## Task brief
Your reproduction of the entries should be exact and should contain no pictures.

## Data for analysis

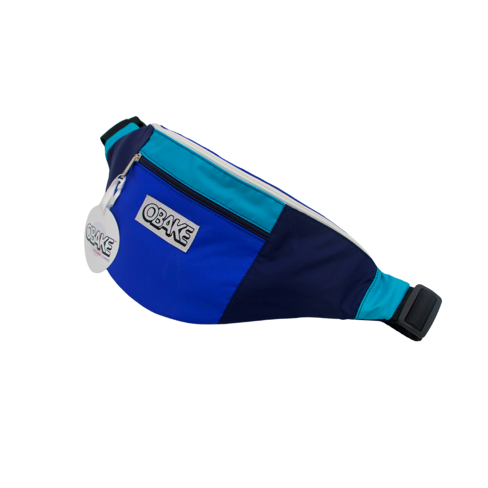 Sac banane imperméable aux trois nuances de bleu : bleu, bleu marine et bleu céleste. Ce sac résiste à la pluie.
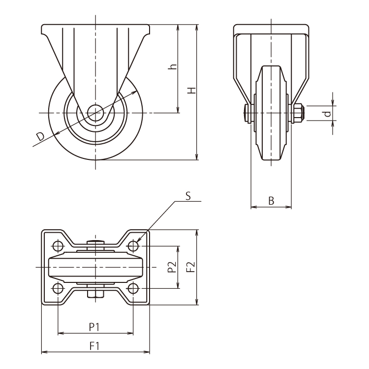 | キャスタタイプ | プレート式自在 | 車輪材質 | ゴム |
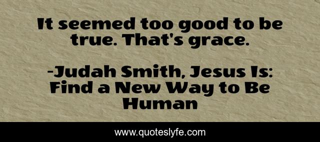 This page presents the quote "It seemed too good to be true. That's grace.". Author of this quote is Judah Smith, Jesus Is: Find a New Way to Be Human. .
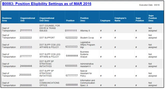 • This Report can be used to answer questions such as which positions are eligible for Overtime Comp Pay.
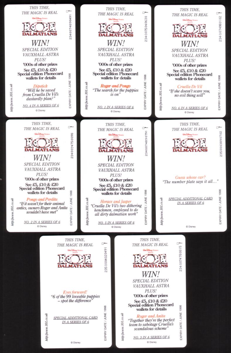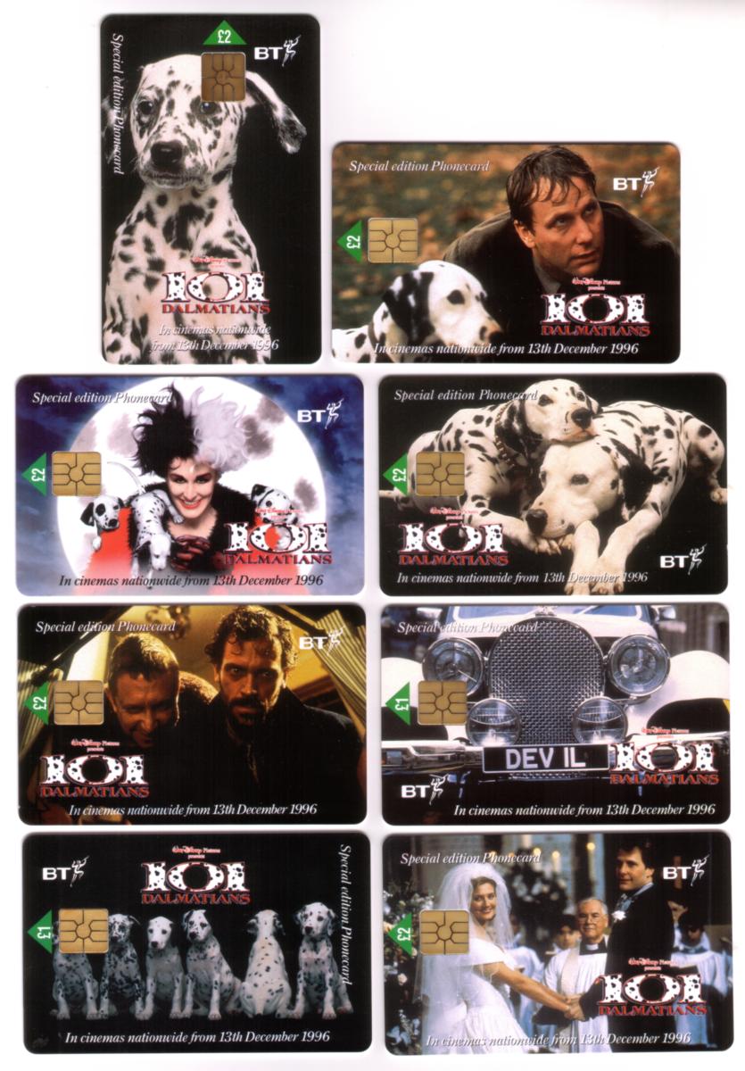 A nostalgic set of eight 1990s UK promotional cards featuring Dalmatian puppies, Cruella de Vil, Roger, and Anita from Disney''s live-action 101 Dalmatians film. |
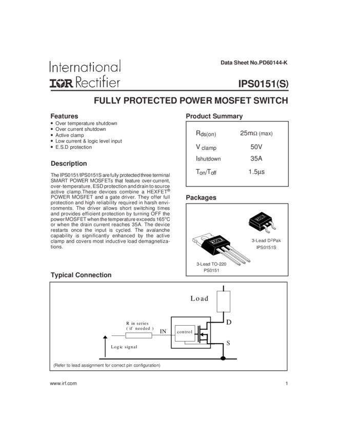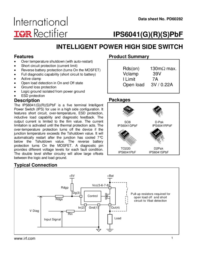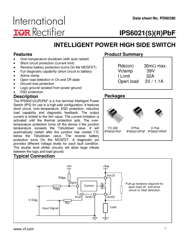 39V, 60A, Intelligent Power Switch High Side, TO-220-5
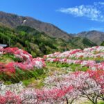 阿智村月川温泉郷『花桃の里』では、約5000本の赤・白・ピンク3色の花桃が咲き、圧巻のグラデーションをご覧いただけます。その美しさは「日本一の桃源郷」と言われています。

## Your response
 Sac banane imperméable aux trois nuances de bleu : bleu, bleu marine et bleu céleste. Ce sac résiste à la pluie.
 | キャスタタイプ | プレート式自在 | 車輪材質 | ゴム |
 This page presents the quote "It seemed too good to be true. That's grace.". Author of this quote is Judah Smith, Jesus Is: Find a New Way to Be Human. .
 • This Report can be used to answer questions such as which positions are eligible for Overtime Comp Pay.
 A nostalgic set of eight 1990s UK promotional cards featuring Dalmatian puppies, Cruella de Vil, Roger, and Anita from Disney''s live-action 101 Dalmatians film. |
 39V, 60A, Intelligent Power Switch High Side, TO-220-5
 阿智村月川温泉郷『花桃の里』では、約5000本の赤・白・ピンク3色の花桃が咲き、圧巻のグラデーションをご覧いただけます。その美しさは「日本一の桃源郷」と言われています。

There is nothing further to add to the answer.